Published in 1960, Harper Lee's novel To Kill a Mockingbird was immediately successful, and subsequently came to be considered one of the great classics of American literature. At the core of the book are themes of social justice and racial injustice. But it is the heart-wrenching unfairness when some people are both represented, as well as held to account, in ways that are blatantly inconsistent with other people, simply because of the power imbued in arbitrary descriptors such as race, class or social status that touches us. The mockingbird encompasses 17 different species of birds, which are known for the way in which their calls mimic other birds or insects.

In this section of this book, the mockingbird metaphor refers to dominant news media outlets that consistently mimic and reproduce content aligned to the same worldviews and ideological positioning, often at the expense of the ethical, moral and social justice implications of doing so.

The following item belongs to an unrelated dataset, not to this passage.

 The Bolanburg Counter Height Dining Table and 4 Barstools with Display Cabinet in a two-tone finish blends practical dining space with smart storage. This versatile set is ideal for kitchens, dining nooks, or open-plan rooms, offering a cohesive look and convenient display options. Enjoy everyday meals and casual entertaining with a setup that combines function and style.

While the task to transform the mainstream media into a sphere that is more willing and capable of operating as a platform for the wider inclusion of voice(s) is a moral, ethical and democratic project, it is also one that can positively impact on the financial bottom line of media outlets. All over the world, and in South Africa, the news media currently faces a double-edged crisis: a crisis of credibility and a crisis of financial sustainability (the latter is particularly hard felt by the print media sector). We will address the financial sustainability aspect a little later, but first the matter of credibility, which for any legitimate news media outlet is and ought to be its most prized possession.

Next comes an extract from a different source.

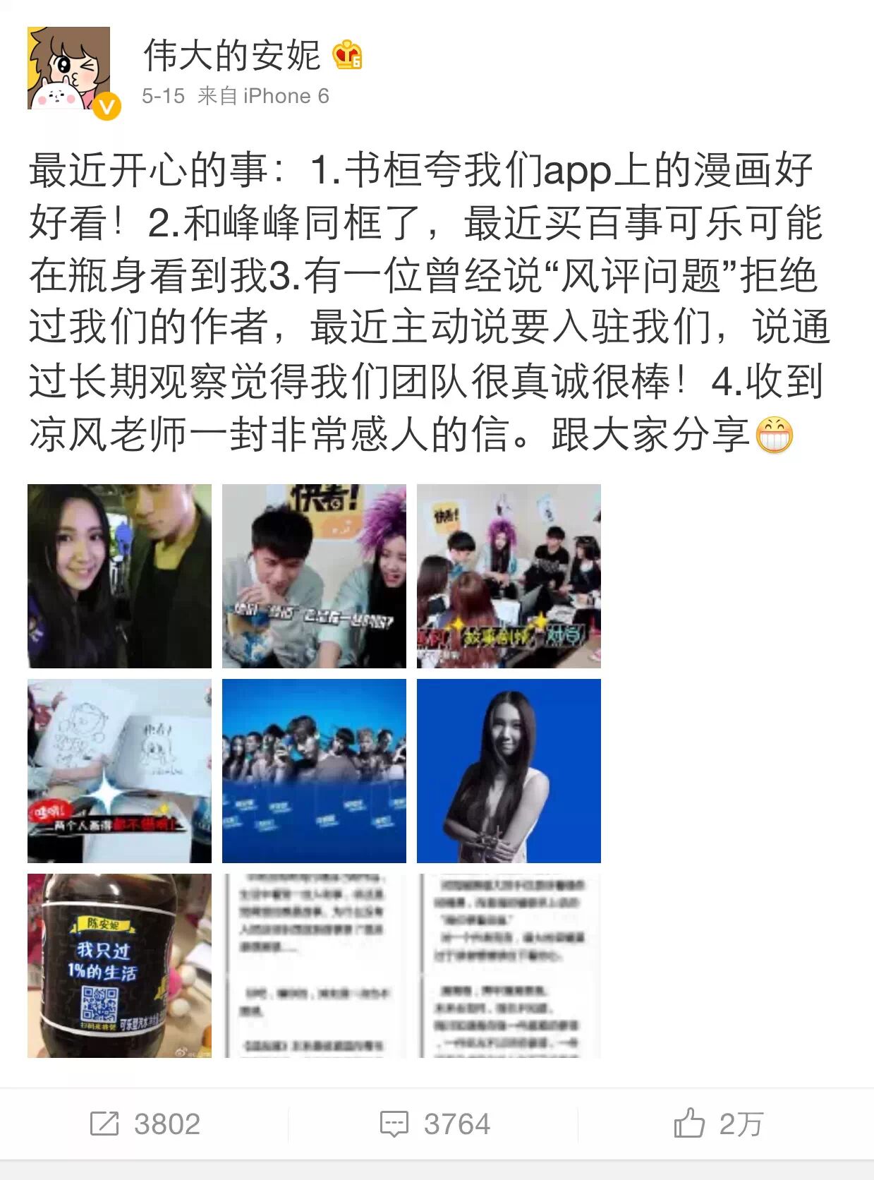 百事可乐,你确定找了陈安妮后还能有100件快乐的事情么?估计也只剩下1%的快乐了!

Political and social discourse surrounding what is now called fake news is partly fed by genuine concern for the factual accuracy of the news, but also partly by moral panic, part hysteria, a large part by political actors as a means of directing attention away from their own failings and scapegoating the media, and partly because fake news in the postdigital age becomes increasingly easier to produce, replicate and disseminate. Importantly, misinformation, in one form or another, has been with us for as long as the mass communications media has formed part of our daily lives. We used to call it things like propaganda, unethical journalism, plagiarism, brown-envelope journalism or spin doctoring.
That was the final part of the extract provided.